Experimental evaluation exercise ( 3 models x 3 drugs x 2 context conditions)

profilespringbird
2026-04-25cap1..docx

Sheet 1.

This is the instruction on what is required to do for this evaluation exercise

A. Compare 3 small LLMs in LM Sudio:

1. Use 3 models – SmolLM M3 GGUF, Gemma 2B, Granite 3.1 2B Instruct

2. Compare 3 drugs - Acetaminophen, Alogliptin + Metformin HCL,

Amlodipine + Atorvastatin

3. Two conditions: 1. No medical context, 2. With drug factsheet context

For drug fact sheet: download from FDA web page

4. Ask 3 standardized questions for each drug for each condition

Q1. What is the maximum total daily dose of [drug, e.g. Acetaminophen] drug for adults in U.S.?

Q2. Describe any major drug-drug interactions, including specific interacting drugs and the resulting clinical risks for [Acetaminophen].

Q3 Identify the most serious adverse effects listed for [Acetaminophen] and describe early warning signs patients should watch for.

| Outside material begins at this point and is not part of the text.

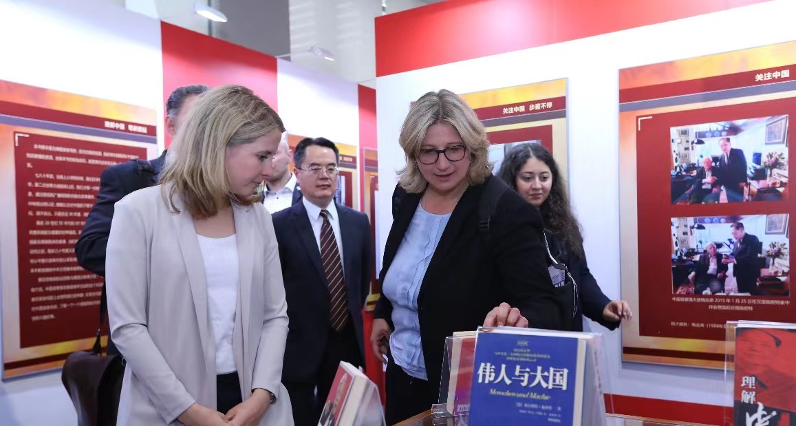 图书馆藏有诸多施密特著作及中译本后表示非常感动。代表团全体成员在书籍前停下脚步,认真翻阅,并对北外德语学科点在人才培养领域做出的杰出贡献表示赞赏。

5. For Condition 1 (No Context) • 3 models x 3 questions = 9 response per drug, 3 drugs -> 27 responses.

6. For Condition 2 (With drug sheet Context) (Paste the drug sheet information) • 3 models x 3 questions = 9 response per drug, 3 drugs -> 27 responses.

7. Total data set size: 54 responses

8. Set up a table record the model responses: one chat = one model + one drug + one condition. (Suggest using Excel spreadsheet table)

9. Set up an analysis page and evaluate each response (use score 1 – 5) for

1. Accuracy (factual correctness vs source drug sheet)

2. Clarity (readability, easy to understand)

3. Completeness (coverage of key information)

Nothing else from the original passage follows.